8. Finally, to the attractive woman with a shawl who was keeping her friend company on her birthday (yes, 4 February) at a table nearby, who, unlike her friend (who said that she was too drunk to read it), read the piece and thought that what she described as Russ' 'punctuation' was odd. (Questioning revealed that she had (a) not understood the shocked incoherence of Orff in context when he reports saying "`Luise,' I said, `has mentioned.'", and (b) that she meant the slashes when Kraken says 'there / not there / there / not there'...)

Unorthodox, maybe, but for me it was a far more human experience than skulking amongst the fruit and veg - and I could never do it any other way, whatever the rules. Sorry to shock you all, but no!



Anthony was the Kraken's 2007 'Birthday Bottle' czar, or the member who volunteered to co-ordinate the purchase and delivery of the group's birthday gift to Russell Hoban.
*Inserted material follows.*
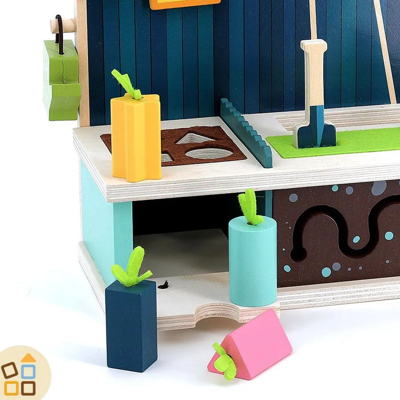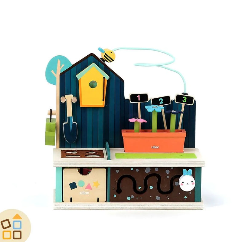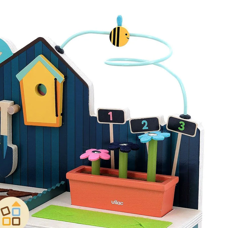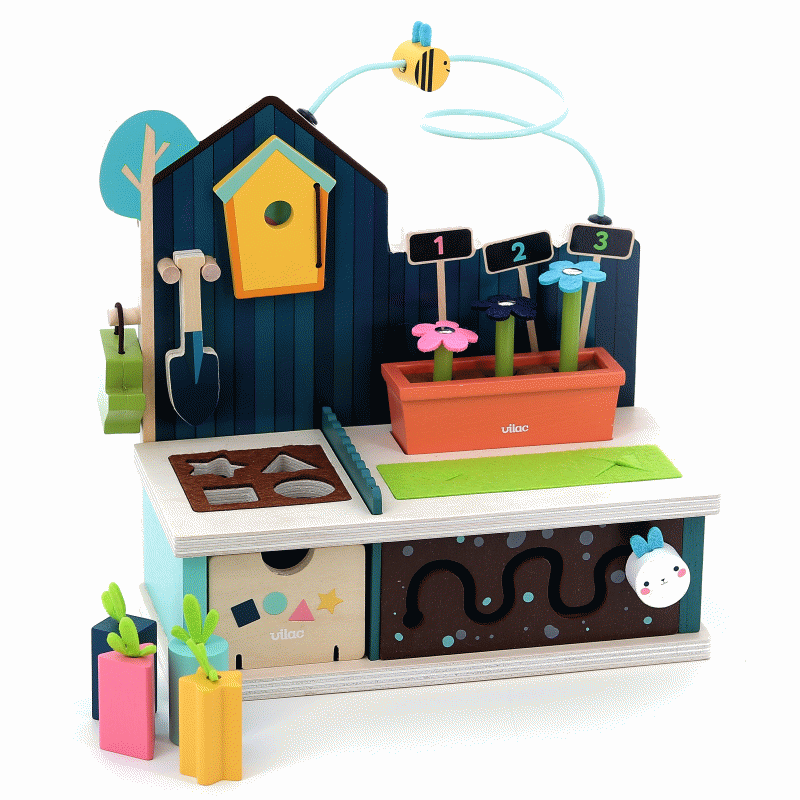 Con carote da raccogliere, fiori, un simpatico coniglio e le api che conversano, questo giocattolo offre ore di gioco interattivo e creativo.Realizzato in resistente legno, è progettato per durare e accompagnare il bambino nella crescita.

This is his account of said delivery:

I can't guarantee that Russ will have broached the capsule of what he and I referred to when I handed it over as 'the gurgling stuff' by now and tried it, but he did say that he would look at the tasting notes first - I provided a copy for him in the presentation-box, on yellow A4 [card], of my posting to this group.
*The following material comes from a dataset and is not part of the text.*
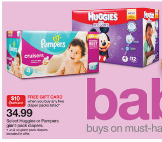 Purchase 2 Select Diapers, Get a $10 Target Gift Card

I can tell everyone that he also received (in no particular order):

1. The bluebird card as chosen, which contained the £20 Amazon voucher (as well as an allusion to pp. 71-73 of Gene Brewer's novel K-PAX, where 'the bluebird of happiness' makes its appearance). (Wording of card and voucher [of which there may be one, if the old film-stock permits] to follow...)

2. The Rutles on DVD from me, as I had seen it in Fulham Broadway's Virgin® - whilst I was biding my time - at a knock-down price (along with Dirty Harry, which, likewise on impulse, I kept for myself).
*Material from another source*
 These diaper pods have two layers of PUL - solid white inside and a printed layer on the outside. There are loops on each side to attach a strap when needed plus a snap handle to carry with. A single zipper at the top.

3. The attendance of a gentleman with a laptop who was doing a MORI poll when I arrived, but who obligingly allowed Russ to sign Her Name Was Lola and The Bat Tattoo for me, as well as adding the injunction 'BE STRANGE!' to my already signed copy of Fremder (on the basis that I sought words suitable to its impending re-reading). Let it be said that I have been VERY STRANGE to-day, mostly before I was encouraged to do so, which turned Russ' words into a sort of blessing or benediction on what happened, as well as a sanction for future strangenesses...

4. Sundry phone calls from family members who were busily rehearsing their renditions of the usual birthday song for when he should be free to hear them.

5. A copy (inscribed for him by me) of Italy, My Italy (or Italy! Italy! Italy!), that well-known compendium compiled by Thomas M. Phear PhD (with the assistance of Dr Pauline Sentence) - Belston Night Works, 1997 (0 907795 91 9).

I think that the list is properly concluded, save to say that Russ took all that was offered in good spirits and stead, and wished his best to The Kraken one and all, leaving me to go on my merry way to The Pelican for (what turned out to be) a less-than-Hobanesque, yet still SA4QE-oriented, few drinks, soup and Caesar® salad...

It was, though, a shame only to have the company of Nicole's apologies and Steve's bid at bi-location - unless there were other Hobanites there whom I failed to detect (but I don't really think so). Heigh-ho for the SA4QE drink! (Needless to say, I downed a Laphroaig® for the benefit of and in honour of the absent (and refused to-day's ever-present offer of the abomination of ice).)